In a story that feels like something out of Black Mirror, a man has created a speaking and artificially intelligent virtual robot to act and talk like his deceased father.

Before James Vlahos lost his father John to lung cancer in February 2017, he recorded dozens of hours of conversations. These included stories and jokes told by his father. Once transcribed, the text totalled 91,000 words across 203 pages.

Called Dadbot, the artificial intelligence (AI) system operates through Facebook Messenger, the chat platform used by bots developed by brands to interact with customers. The bot can hold written conversations based on the text collected by Vlahos, and occasionally play a recording of his father telling a joke or singing a song.

"I think I have found a better way to keep my father alive," Vlahos, a journalist, wrote in Wired magazine.

At first Vlahos intended the 200 pages of transcripts to go no further than a bookshelf at home. But he then discovered PullString, an artificial intelligence company made up of former Pixar staff who want to create technology enabling conversations between real, living humans and fictional characters, or people who have died.

Vlahos was initially conflicted over developing the Dadbot, over fears it would "simply fail in a way that cheapens our relationship and my memories. The bot may be just good enough to remind my family of the man it emulates – but so far off from the real John Vlahos that it gives them the creeps".

'Building a robust, knowledgeable Dadbot'

The bot's conversations structure was based around a simple architecture, beginning with a short exchange around a greeting, then moving on to discuss one of various chapters of Vlahos' father's life. As an economics graduate from Berkeley, sports editor of The Daily Californian, a managing partner of a major law firm, an announcer in the press box of Berkeley's Memorial Stadium, an actor and a volunteer San Francisco tour guide, there is plenty of subject matter to discuss.

Vlahos spent months writing scripts for the chatbot to use in every scenario, using phrases gathered from the transcriptions of his father's conversations. The Dadbot has been programmed to sometimes take the lead in conversations, and adjust its answers based on how the other person says they are feeling.

PullStrings then added a feature where audio replies can be added into conversations, giving Vlahos the chance to take clips of his dad's stories and add them to the bot's growing roster of answers.

When tested by his mother, the Dadbot showed how it understands who it is talking to, and will then bring up memories the two of them have shared, such as holidays together from decades ago.

After his father's passing, Vlahos surprised himself with a growing desire to keep working on the chatbot, perfecting it and making it seem more human.

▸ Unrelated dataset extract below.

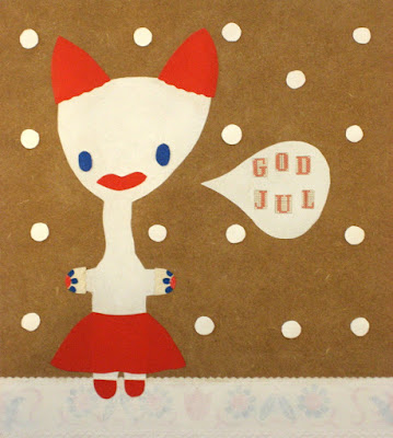 my ambition this year was to do all my Christmas shopping at the flea...so far I did not succeed. the only thing I have found is a number of old catalogues with fabric samples whitch happend to be perfect outfits for my cats...so now I cut, I glue, I paint day and night. I think they will be Christmas gifts for the children in the family...and as you can see in the picture: lots of samples left and I enjoy this...

Vlahos writes: "As an AI creator, I know my skills are puny. But I have come far enough, and spoken to enough bot builders, to glimpse a plausible form of perfection. The bot of the future, whose component technologies are all under development today, will be able to know the details of a person's life far more robustly than my current creation does...[it] will even be emotionally perceptive."

Speaking to the As It Happens show on CBC Radio, Vlahos said of using the Dadbot: "It either brings a smile to my face and a warm feeling sometimes, and at other times it brings a tear to my eye... It can make him feel closer sometimes, or I can be painfully aware that I'm talking to a computer program that I created that very clearly is not him."